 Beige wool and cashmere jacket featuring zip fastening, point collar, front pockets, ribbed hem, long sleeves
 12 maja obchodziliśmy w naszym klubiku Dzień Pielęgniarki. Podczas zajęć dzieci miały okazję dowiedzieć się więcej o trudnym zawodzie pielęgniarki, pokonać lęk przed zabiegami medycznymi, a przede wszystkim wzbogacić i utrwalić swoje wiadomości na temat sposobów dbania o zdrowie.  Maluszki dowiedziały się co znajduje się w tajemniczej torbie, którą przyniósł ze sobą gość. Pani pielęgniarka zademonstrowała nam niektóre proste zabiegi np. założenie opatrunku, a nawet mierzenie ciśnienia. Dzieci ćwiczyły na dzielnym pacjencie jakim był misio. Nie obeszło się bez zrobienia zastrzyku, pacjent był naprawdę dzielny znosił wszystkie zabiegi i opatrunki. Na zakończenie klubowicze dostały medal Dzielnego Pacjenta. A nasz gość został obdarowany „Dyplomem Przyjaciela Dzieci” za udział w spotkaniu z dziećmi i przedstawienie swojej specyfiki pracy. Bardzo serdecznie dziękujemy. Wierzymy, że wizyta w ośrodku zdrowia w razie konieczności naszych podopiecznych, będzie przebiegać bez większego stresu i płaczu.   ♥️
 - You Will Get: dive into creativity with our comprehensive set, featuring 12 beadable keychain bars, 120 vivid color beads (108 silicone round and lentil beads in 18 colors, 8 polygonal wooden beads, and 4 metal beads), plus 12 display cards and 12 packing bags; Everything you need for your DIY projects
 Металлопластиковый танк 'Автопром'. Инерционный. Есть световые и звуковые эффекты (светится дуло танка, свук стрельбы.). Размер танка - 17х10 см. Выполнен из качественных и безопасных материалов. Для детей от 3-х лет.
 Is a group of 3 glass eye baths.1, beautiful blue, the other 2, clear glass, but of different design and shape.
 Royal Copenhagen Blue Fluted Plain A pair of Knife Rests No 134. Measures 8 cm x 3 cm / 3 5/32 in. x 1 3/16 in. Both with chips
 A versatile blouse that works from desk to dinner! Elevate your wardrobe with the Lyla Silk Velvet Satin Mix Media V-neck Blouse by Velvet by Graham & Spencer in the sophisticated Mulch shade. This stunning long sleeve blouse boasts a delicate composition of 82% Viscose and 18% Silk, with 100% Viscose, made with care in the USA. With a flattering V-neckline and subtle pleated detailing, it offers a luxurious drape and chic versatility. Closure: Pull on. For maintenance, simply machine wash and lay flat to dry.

**WORK INSTRUCTIONS**
For this exercise, the answer is the lines from the one containing "Is a group of" through the end of the listing above, reproduced exactly.

**TASK OUTPUT**
 Is a group of 3 glass eye baths.1, beautiful blue, the other 2, clear glass, but of different design and shape.
 Royal Copenhagen Blue Fluted Plain A pair of Knife Rests No 134. Measures 8 cm x 3 cm / 3 5/32 in. x 1 3/16 in. Both with chips
 A versatile blouse that works from desk to dinner! Elevate your wardrobe with the Lyla Silk Velvet Satin Mix Media V-neck Blouse by Velvet by Graham & Spencer in the sophisticated Mulch shade. This stunning long sleeve blouse boasts a delicate composition of 82% Viscose and 18% Silk, with 100% Viscose, made with care in the USA. With a flattering V-neckline and subtle pleated detailing, it offers a luxurious drape and chic versatility. Closure: Pull on. For maintenance, simply machine wash and lay flat to dry.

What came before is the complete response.